━━━━━ Data supplied

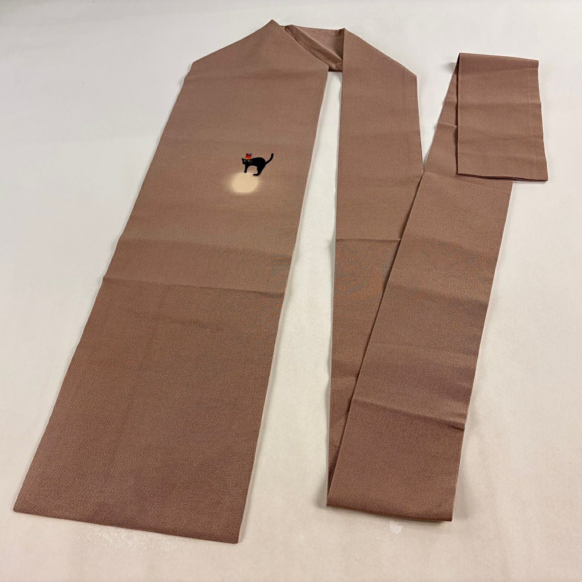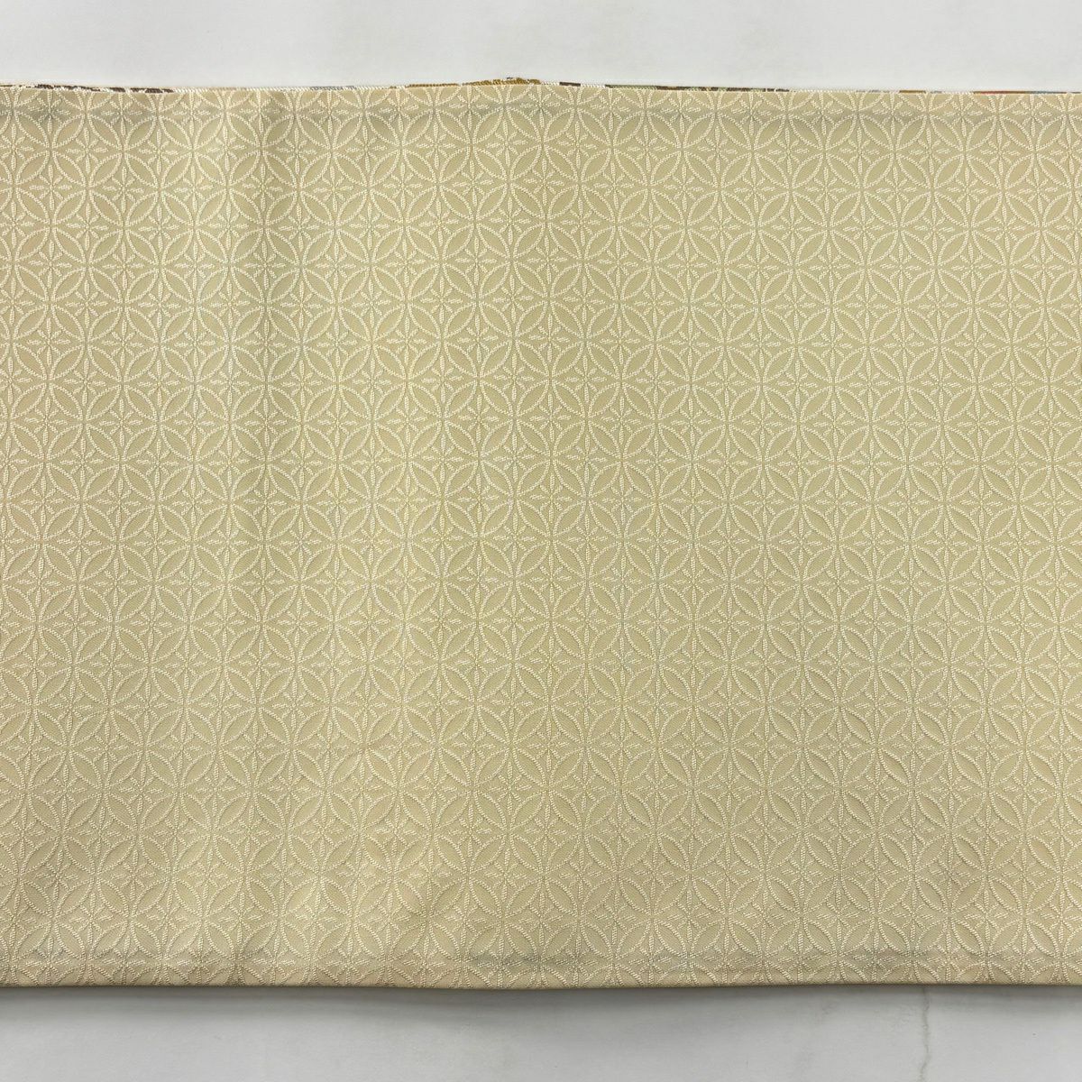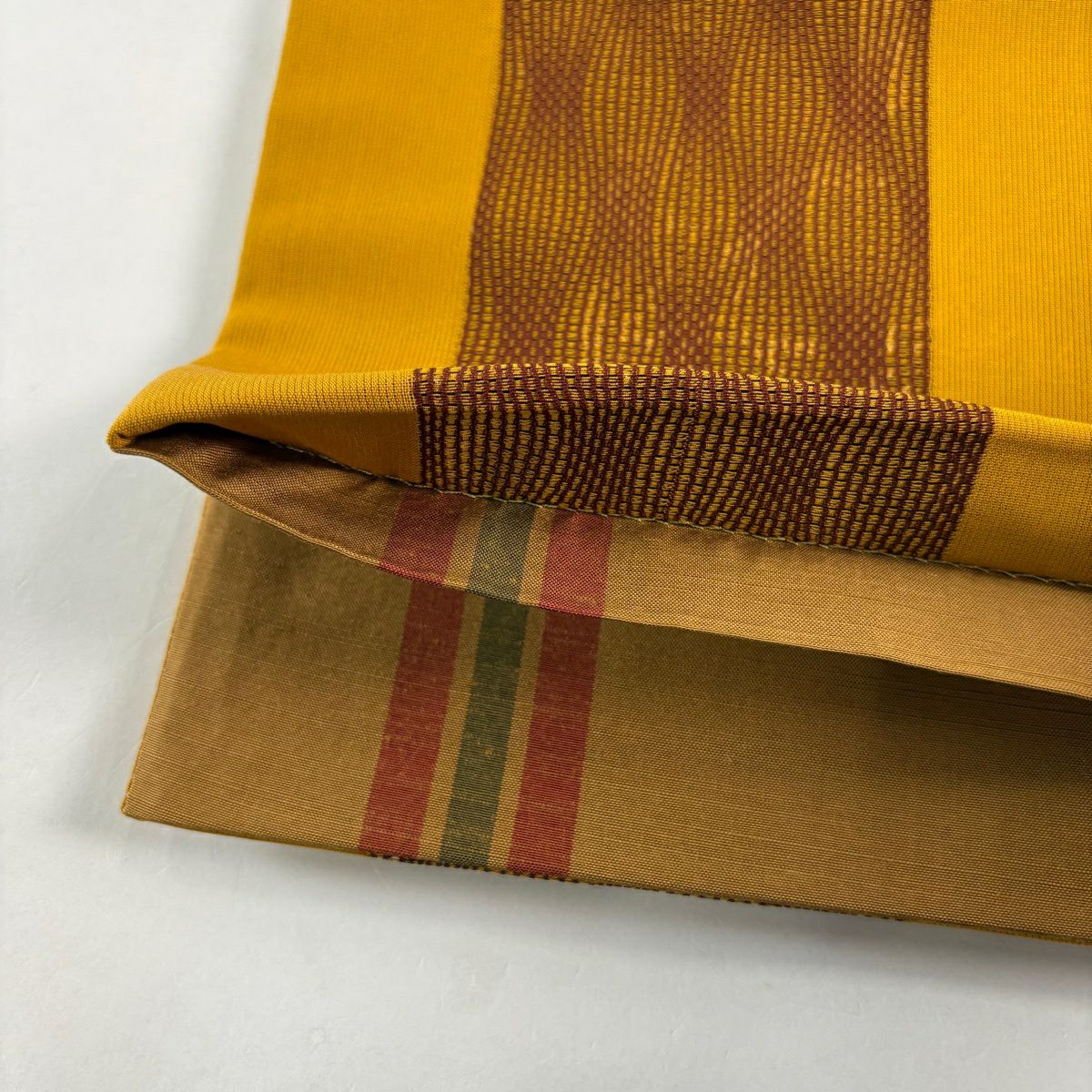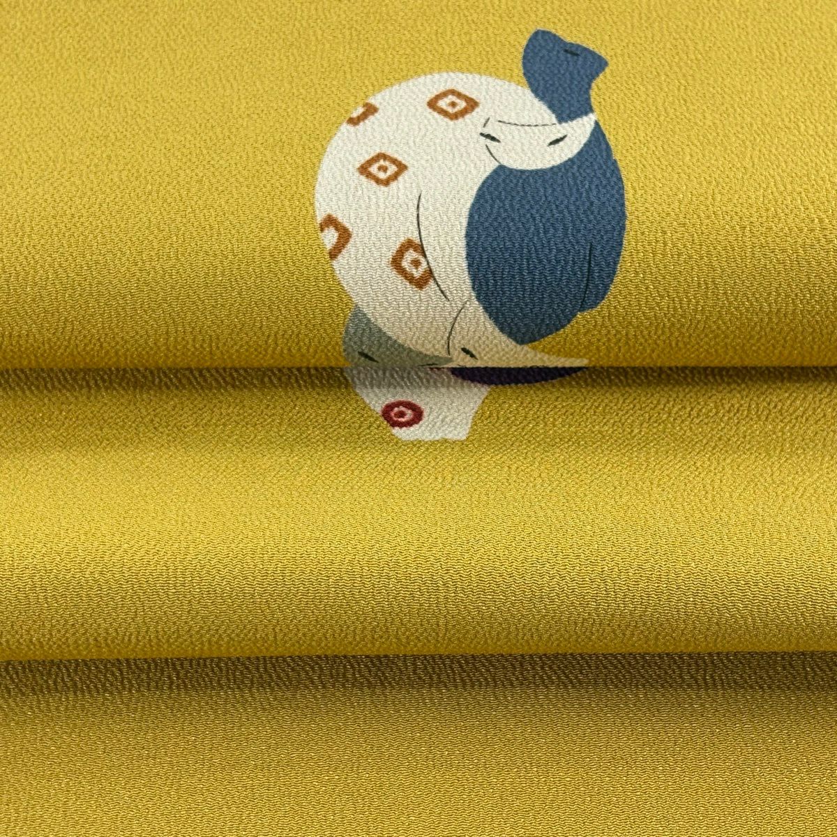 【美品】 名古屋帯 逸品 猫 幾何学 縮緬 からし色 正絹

━━━━━━━━━━
━━━━━ Data supplied

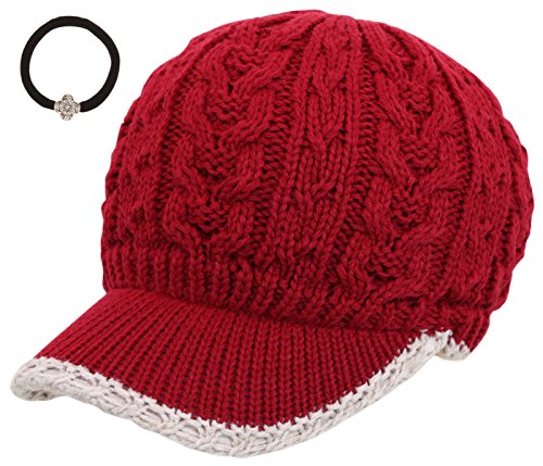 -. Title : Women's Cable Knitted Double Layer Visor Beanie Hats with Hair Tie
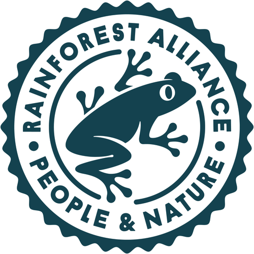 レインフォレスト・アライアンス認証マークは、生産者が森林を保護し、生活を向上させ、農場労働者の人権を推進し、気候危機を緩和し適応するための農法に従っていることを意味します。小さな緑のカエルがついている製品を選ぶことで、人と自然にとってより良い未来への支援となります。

━━━━━━━━━━

What is needed
The answer must be the part of the records that opens with the line containing "-. Title : Women's" and closes with the line containing "レインフォレスト・アライアン", reproduced exactly, with no pictures.

Your solution
 -. Title : Women's Cable Knitted Double Layer Visor Beanie Hats with Hair Tie
 レインフォレスト・アライアンス認証マークは、生産者が森林を保護し、生活を向上させ、農場労働者の人権を推進し、気候危機を緩和し適応するための農法に従っていることを意味します。小さな緑のカエルがついている製品を選ぶことで、人と自然にとってより良い未来への支援となります。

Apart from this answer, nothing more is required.